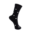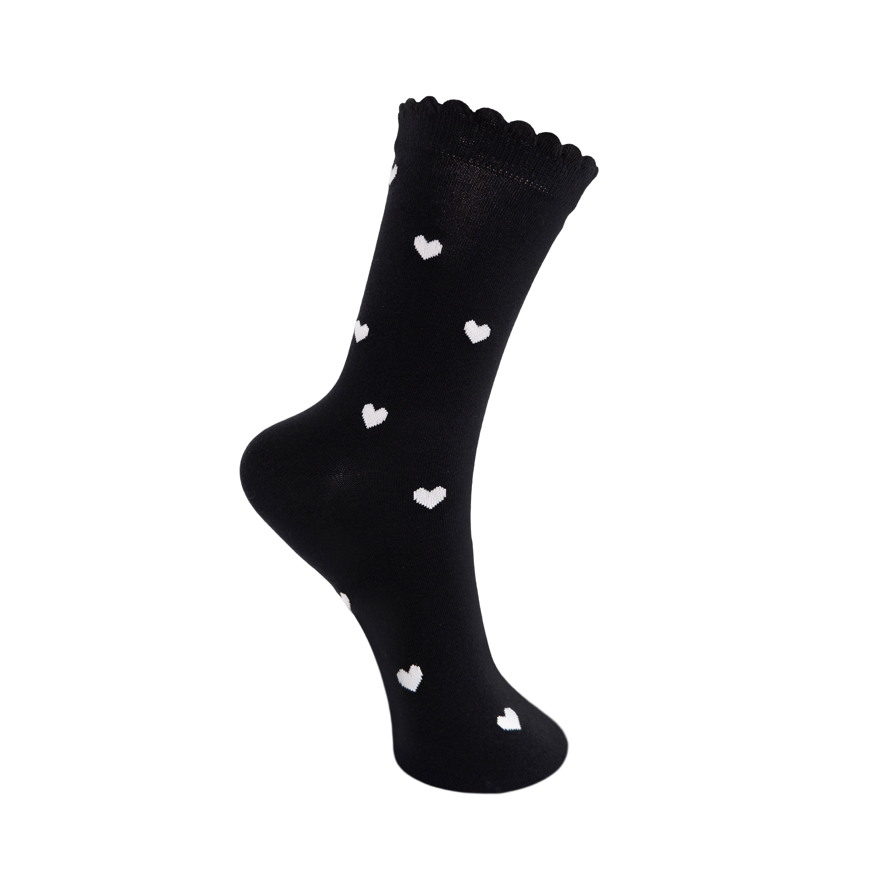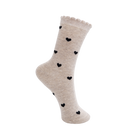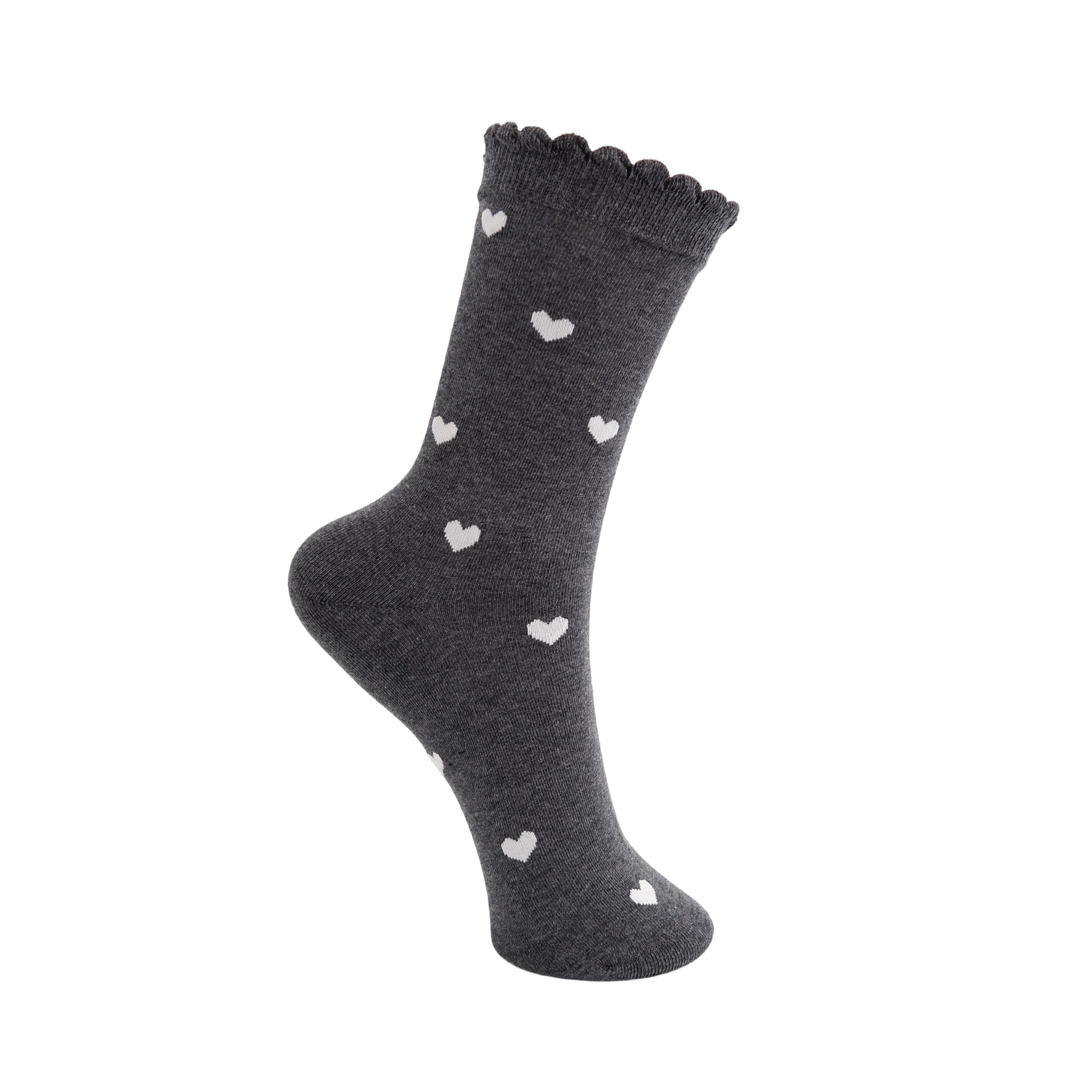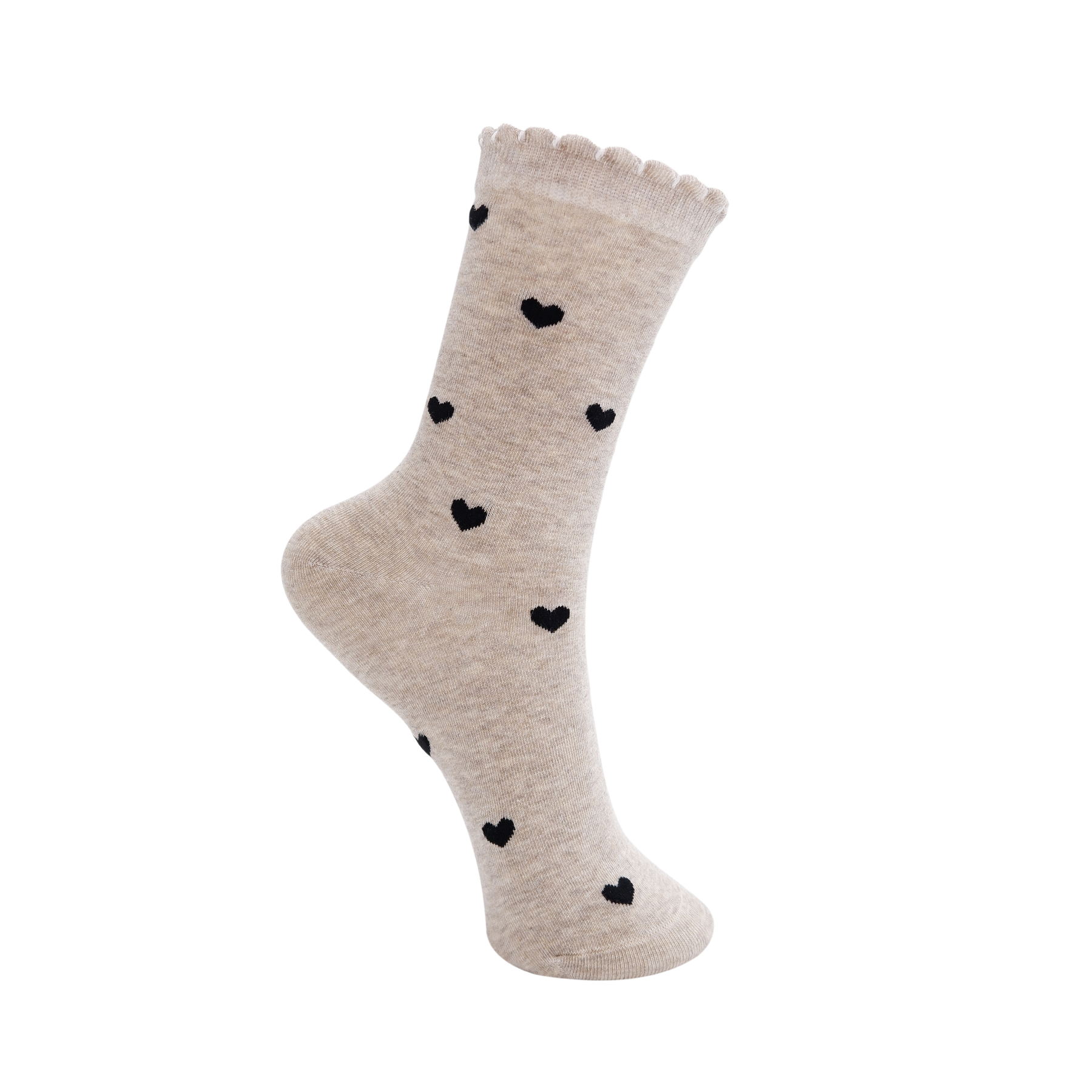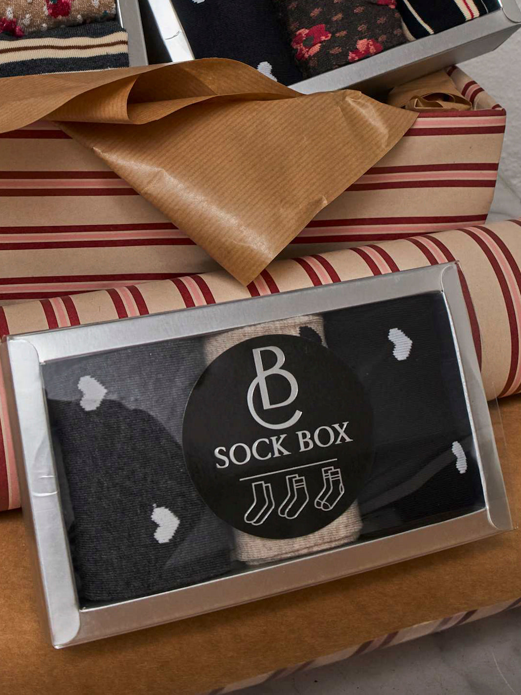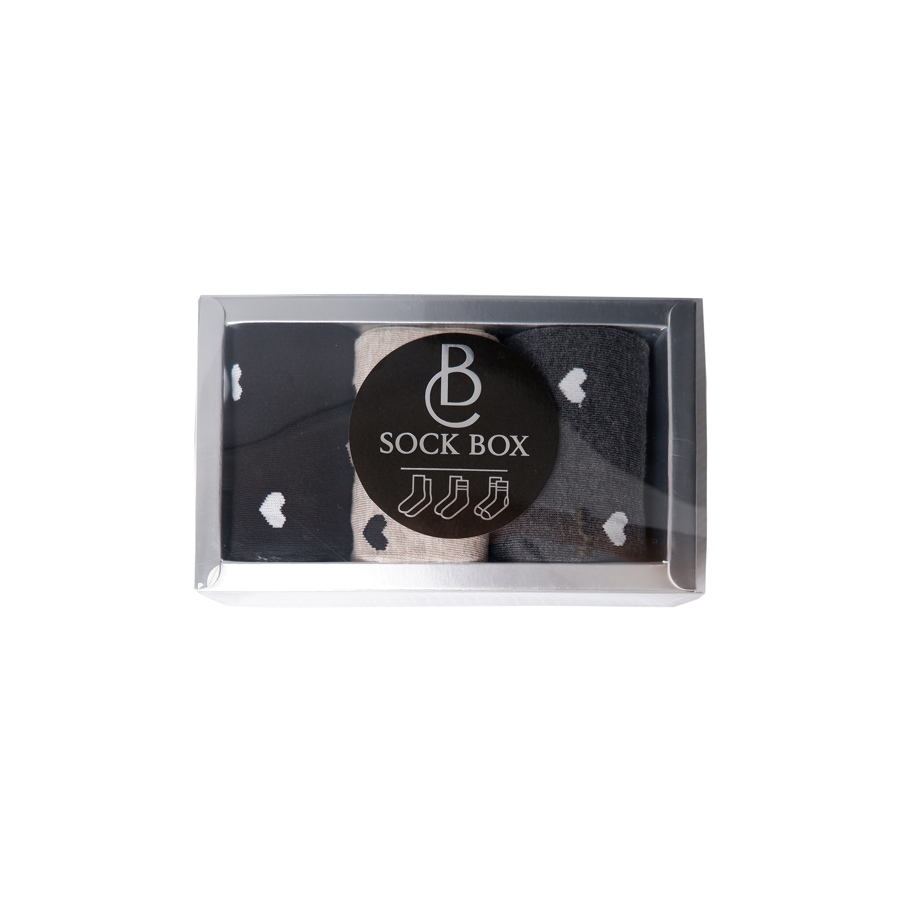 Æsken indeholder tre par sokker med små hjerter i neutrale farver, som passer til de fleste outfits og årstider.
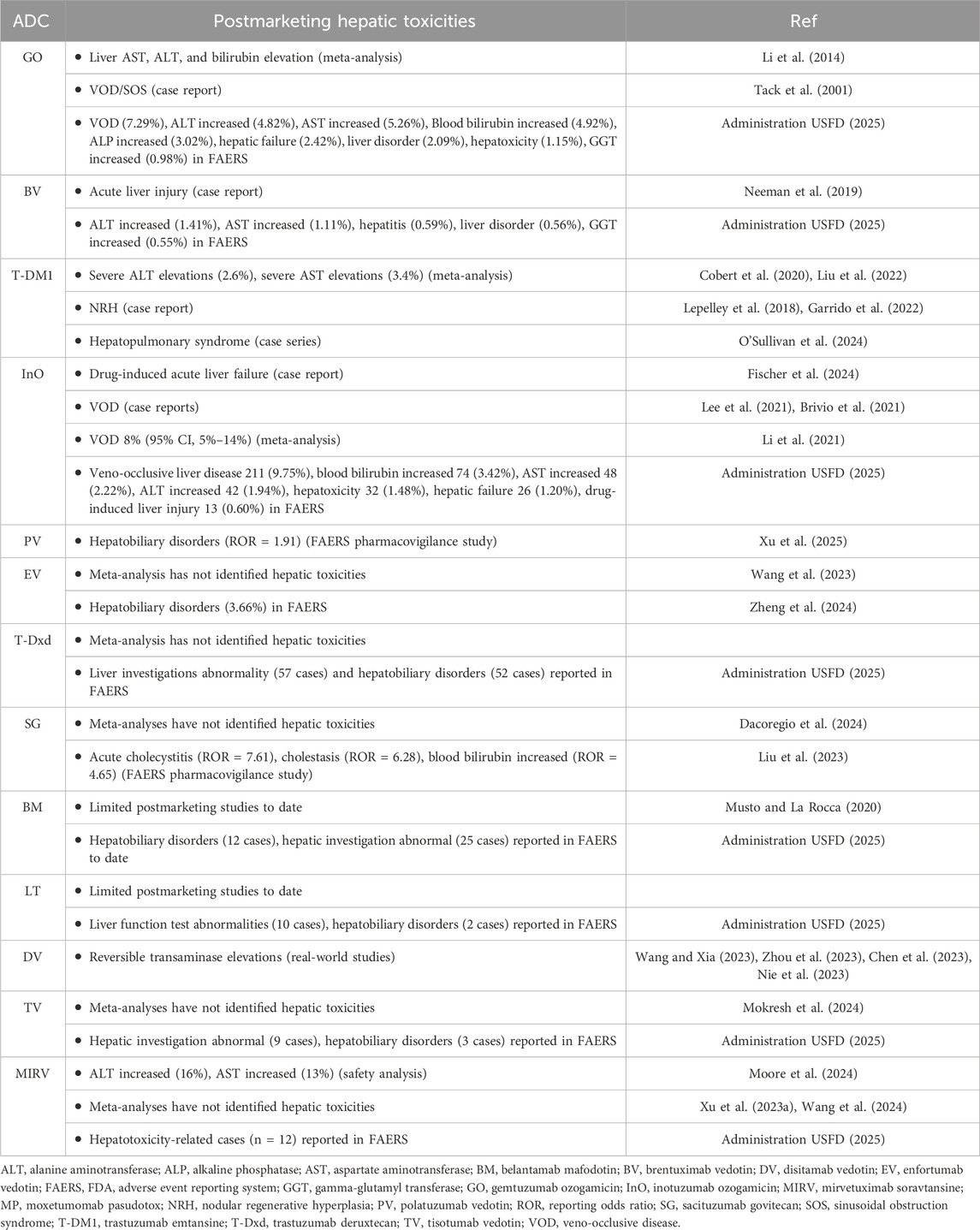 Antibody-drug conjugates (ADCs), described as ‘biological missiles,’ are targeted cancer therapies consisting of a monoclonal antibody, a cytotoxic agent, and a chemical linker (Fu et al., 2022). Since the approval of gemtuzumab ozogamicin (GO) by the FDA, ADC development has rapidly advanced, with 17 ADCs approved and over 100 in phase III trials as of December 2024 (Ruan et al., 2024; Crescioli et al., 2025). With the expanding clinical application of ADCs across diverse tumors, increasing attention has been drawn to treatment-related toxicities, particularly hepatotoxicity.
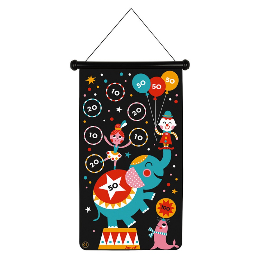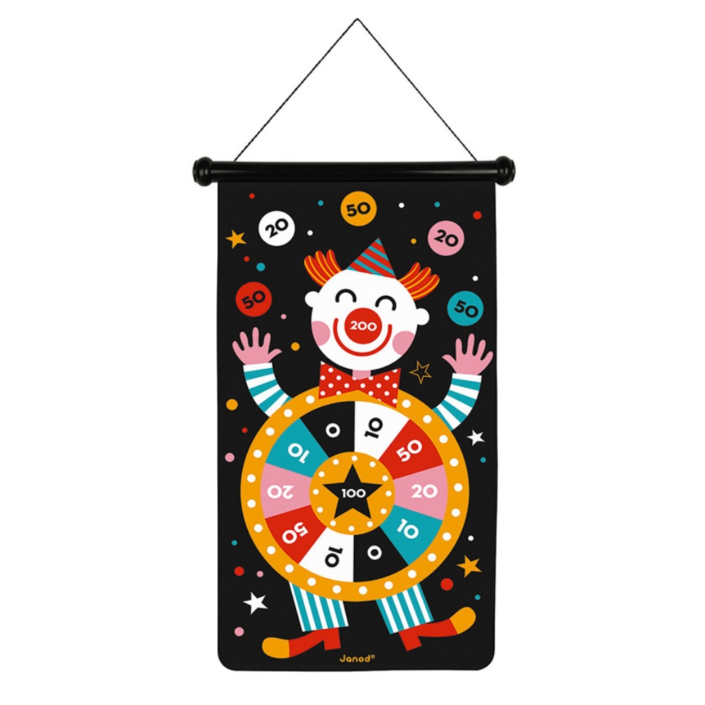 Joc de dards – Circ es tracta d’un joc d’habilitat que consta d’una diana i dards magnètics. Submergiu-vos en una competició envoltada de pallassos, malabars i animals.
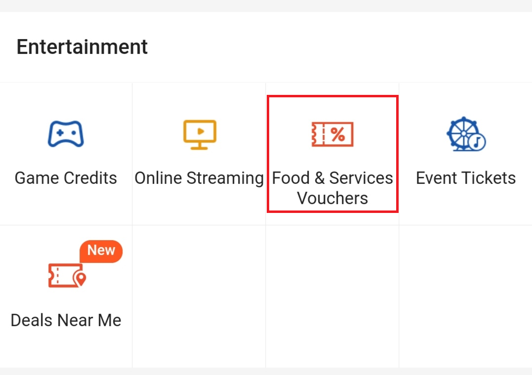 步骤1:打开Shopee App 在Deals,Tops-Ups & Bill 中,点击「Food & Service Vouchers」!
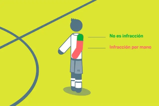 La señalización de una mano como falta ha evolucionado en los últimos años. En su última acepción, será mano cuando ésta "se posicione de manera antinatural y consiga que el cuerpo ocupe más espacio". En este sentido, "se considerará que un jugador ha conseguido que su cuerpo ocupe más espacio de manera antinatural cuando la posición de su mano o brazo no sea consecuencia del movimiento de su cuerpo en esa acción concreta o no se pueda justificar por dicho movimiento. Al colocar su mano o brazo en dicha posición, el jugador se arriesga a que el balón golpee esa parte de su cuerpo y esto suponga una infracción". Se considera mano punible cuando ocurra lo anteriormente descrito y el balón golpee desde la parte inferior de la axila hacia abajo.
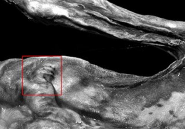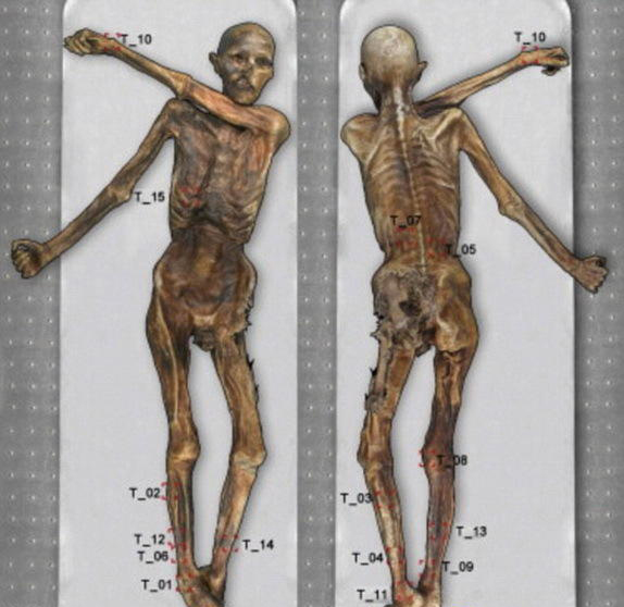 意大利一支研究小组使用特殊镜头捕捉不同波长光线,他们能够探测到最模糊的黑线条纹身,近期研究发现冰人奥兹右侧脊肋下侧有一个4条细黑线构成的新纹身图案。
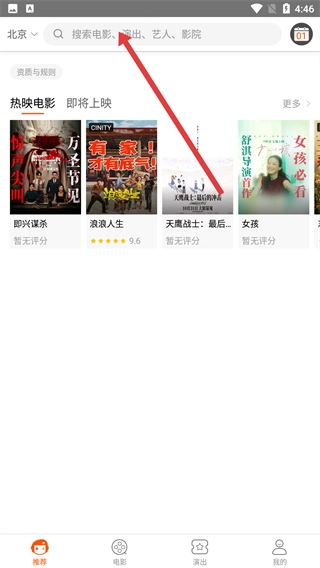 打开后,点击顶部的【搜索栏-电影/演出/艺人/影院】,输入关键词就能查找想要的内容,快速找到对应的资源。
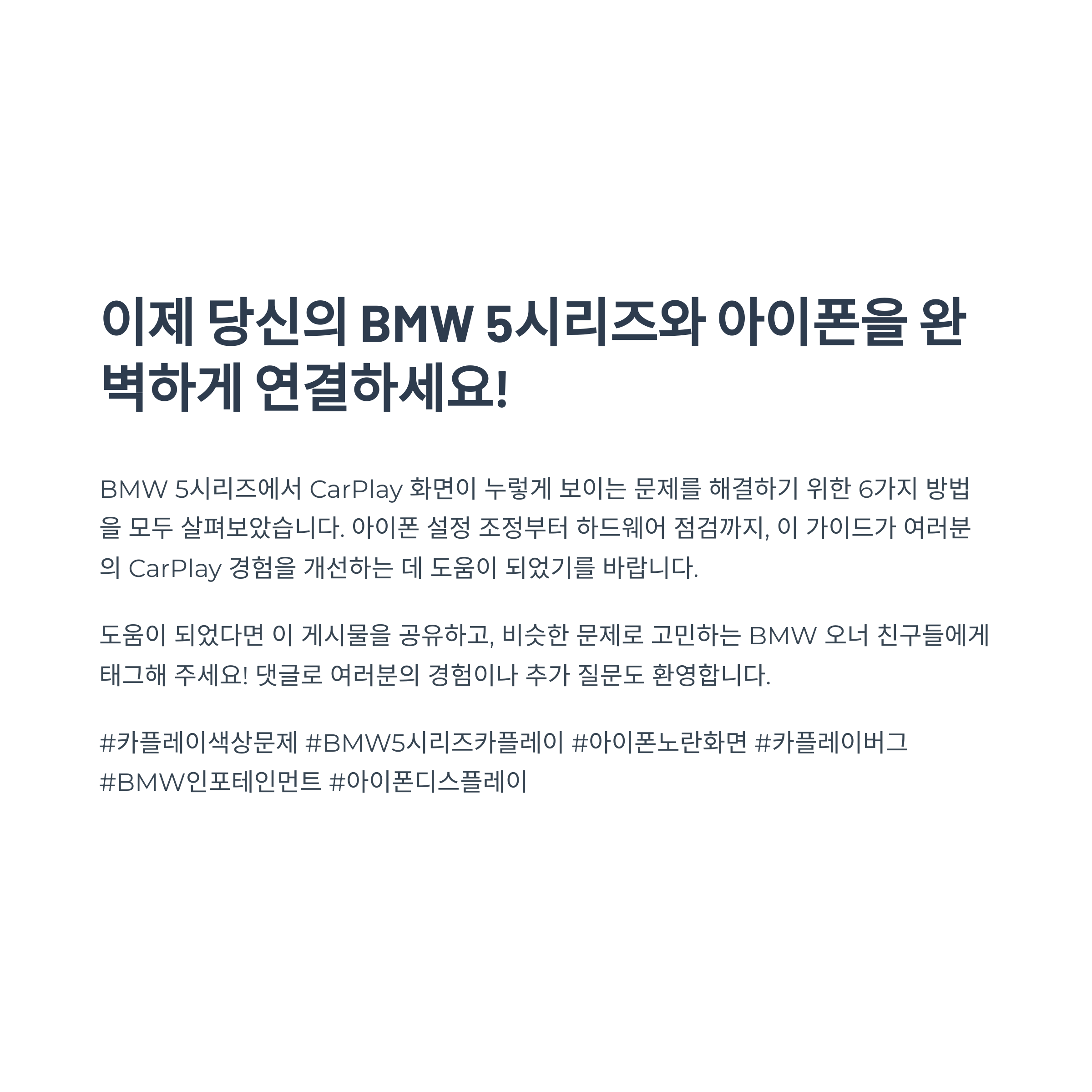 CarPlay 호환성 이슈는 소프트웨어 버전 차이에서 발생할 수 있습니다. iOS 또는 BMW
......
TASK PROMPT: Repeat only the stretch of data above that runs from the line with "Joc de dards" to the line with "步骤1:打开Shopee App 在Deals,Tops-Ups". Keep both end lines; exclude pictures.

ANSWER BOX:
 Joc de dards – Circ es tracta d’un joc d’habilitat que consta d’una diana i dards magnètics. Submergiu-vos en una competició envoltada de pallassos, malabars i animals.
 步骤1:打开Shopee App 在Deals,Tops-Ups & Bill 中,点击「Food & Service Vouchers」!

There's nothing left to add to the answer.